Le titre Nexity a été particulièrement chahuté ces derniers temps, avec un plongeon spectaculaire sous la barre des 30 euros ; ce que l’on n’avait pas observé depuis 2005... Quel commentaire vous inspire cette évolution ?
Le nouveau modèle du groupe n’a pas été bien compris par le marché. Nexity aujourd’hui, c’est sept métiers différents. Nous ne sommes pas une banque. Nous ne sommes pas non plus une foncière, pourtant nous avons accumulé toutes les mauvaises nouvelles provenant de ces différents secteurs d’activité.

Mais nous ne sommes pas inquiets : sur la base du consensus des analystes financiers, l’action n’est valorisée que 5,4 fois ses bénéfices attendus pour 2007 et offre un rendement exceptionnel de 6,5%.

La valeur de l’entreprise n’a pas changé.
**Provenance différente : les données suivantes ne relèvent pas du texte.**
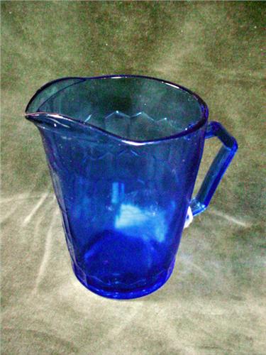 SHIRLEY TEMPLE COBALT BLUE GLASS PITCHER 4.5" DEPICTING FAINT IMAGE OF SHIRLEY ON SIDE OF ITEM.
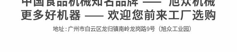 广州旭众食品机械有限公司是一家集科研开发,生产设计,营销服务为一体的现代化生产企业。现代化生产车间,精湛制造技术,所产机械历经市场重重考验,不断赢得海内外客户的赞誉。
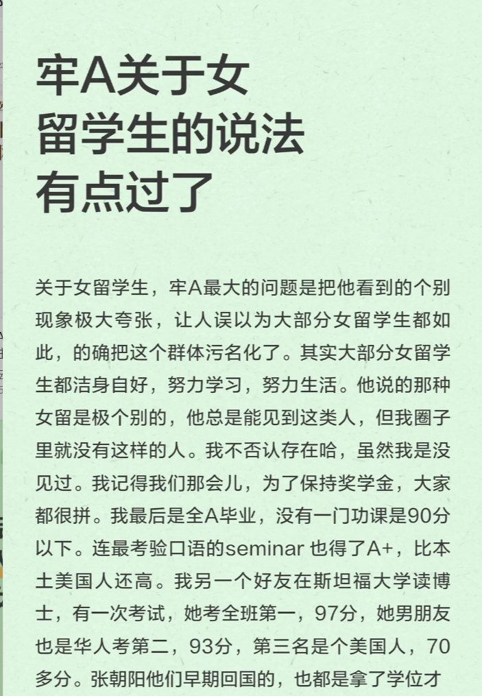 真是没想到很多女留学生,纷纷在网上开直播,希望网友不要对她们的恶意这么大其实大家对公费留学,德国理工科,美国藤校理工博士留学生好似没啥意见啊因为同样是女留子,去德国读功课和去美国学艺术,你看看评论区就知道谁是咋回事了,大家都门清的好学且成绩好的,身边父母老师同学也清楚为人,这些人不在牢A的评述范围内;牢A展开这个话题的由头,也是有家长来咨询留学事宜如果就想镀金拿文凭,但孩子自制力差、耳根子软、特别容易入歧途的,那花那么多钱很可能是送孩子入深渊的,家长了解自己孩子是哪个档位的,自然会下判断,女留子就不必对号入座了

Au 31 décembre 2007, Nexity a environ 2,1 milliards de fonds propres, un carnet de commandes de 3,4 milliards (+15,4 %), représentant plus de 19 mois d’activité.

Une chose est sure, nous n’entendons pas modifier notre stratégie en raison du comportement de la bourse. La raison finira par l’emporter. « Le cours actuel de Nexity ne nous paraît pas refléter la valeur de la société telle qu’elle ressort de ses fondamentaux, de ses prévisions de bénéfices et de son portefeuille d’actifs.

Le secteur de l'immobilier continue de subir la défiance des investisseurs, ne craignez-vous pas de connaître le même sort que l'espagnol Colonial dont le cours de bourse vient de fondre de 45% en 4 jours ?
A la différence des promoteurs espagnols, les sociétés françaises n’achètent pas de terrains tant que le permis de construire n’a pas été obtenu. Si pour une raison ou une autre, l’option d’achat n’est pas levée, le promoteur perd les 5% de caution versée au propriétaire du terrain. Nexity ne possède donc pas de portefeuille foncier.

Quant au stock de logements, nous nous fixons un niveau de pré-commercialisation de 30% de nos programmes avant de commencer le chantier. Ce taux est dans les faits largement dépassé puisqu’il s’établissait à 67% en fin d’année dernière. A la fin du mois de décembre, seuls 53 logements terminés n’étaient pas vendus. Rapporté à l’échelle d’une production de 10 919 unités en 2007, le risque est infinitésimal.

Au-delà de ces différences structurelles, je tiens à rappeler encore une fois que les fondamentaux du marché français sont sains et que Nexity se porte bien.